Following the stapling restructure implemented on 22 November 2018, the Boards of Infigen Energy Limited (IEL) and Infigen Energy RE Limited (IERL), as responsible entity of the Infigen Energy Trust (IET) (the IFN Boards) are responsible for the governance and management of Infigen. The IFN Boards, in consultation and agreement, formulate and approve the strategic direction, investment objectives and goals of Infigen in accordance with the terms of the Stapling Deed of 16 September 2005. The Stapling Deed sets out the details of the relationship between IEL, IET and IERL in respect of Infigen. The Stapling Deed provides, to the extent permitted by law, for co-operation and alignment between these entities. It is by operation of the Stapling Deed that the Boards of IEL and IERL are together responsible for overseeing the rights and interests of security holders in Infigen, as well as being accountable to security holders for the overall corporate governance and management of Infigen. In practice, IEL is responsible for conducting the day-to-day operations of Infigen.

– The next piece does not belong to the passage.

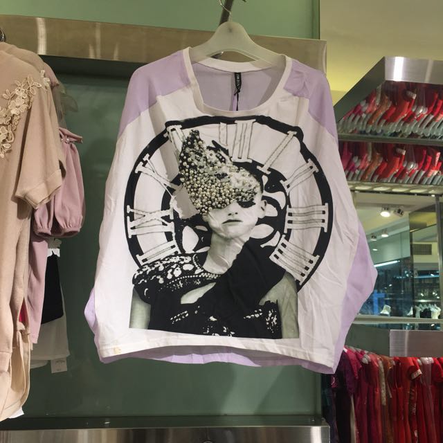 Baju kaos gambar orang warna putih ungu, Fesyen Wanita, Pakaian Wanita, Atasan di Carousell

In relation to the role of the IFN Boards, the Board Charters state that the Boards will act honestly, fairly and diligently in all respects in accordance with applicable laws, as well as acting in the best interests of security holders. The Board Charters have been prepared and adopted on the basis that implementing good corporate governance procedures can add to the performance of Infigen, the creation of security holder value, and engender the confidence of the investment market.
The Board Charters include an outline of the responsibilities of the Boards including:
- approving and monitoring the corporate strategy, policy and direction of Infigen;
- determining Infigen’s distribution policy and evaluating and approving major capital expenditure, acquisitions, divestitures and other transactions of Infigen;
- approving all accounting policies, financial reports and material reporting by Infigen;
- considering recommendations of the Audit, Risk & Compliance Committees and appointing the external Auditor;
- reviewing the performance and effectiveness of Infigen’s corporate governance policies and procedures; and
- reviewing and evaluating the performance of each respective Board, Board Committee, and individual Director.
Specific responsibilities of Directors outlined in the Board Charters include:
- acting in accordance with the Code of Conduct and other charters and policies adopted by the Boards;
- conducting their duties at the highest level of honesty and integrity;
- observing the rule and spirit of the law and complying with any relevant ethical and technical standards;
- maintaining the confidentiality of all information acquired and not making any improper use of such information;
- observing the principles of independence, accuracy and integrity in dealings with the Board, Board committees, internal and external auditors, and management;
- disclosing to the Board any actual or perceived conflicts of interest which the Director becomes aware of and which the Director reasonably believes may compromise the reputation or performance of Infigen; and
- setting standards of honesty, fairness, integrity, diligence and competency in respect of the position of Director.
The IFN Board Charters also set out the specific powers and responsibilities of the Chairman, the Lead Independent Director and the Chief Executive Officer.
Other matters incorporated within the Board Charters include the structure of the Boards, the criteria for assessing the independence of Directors, procedures concerning related party transactions, Board meetings, Board committees, Directors seeking independent professional advice, remuneration and continuous disclosure obligations.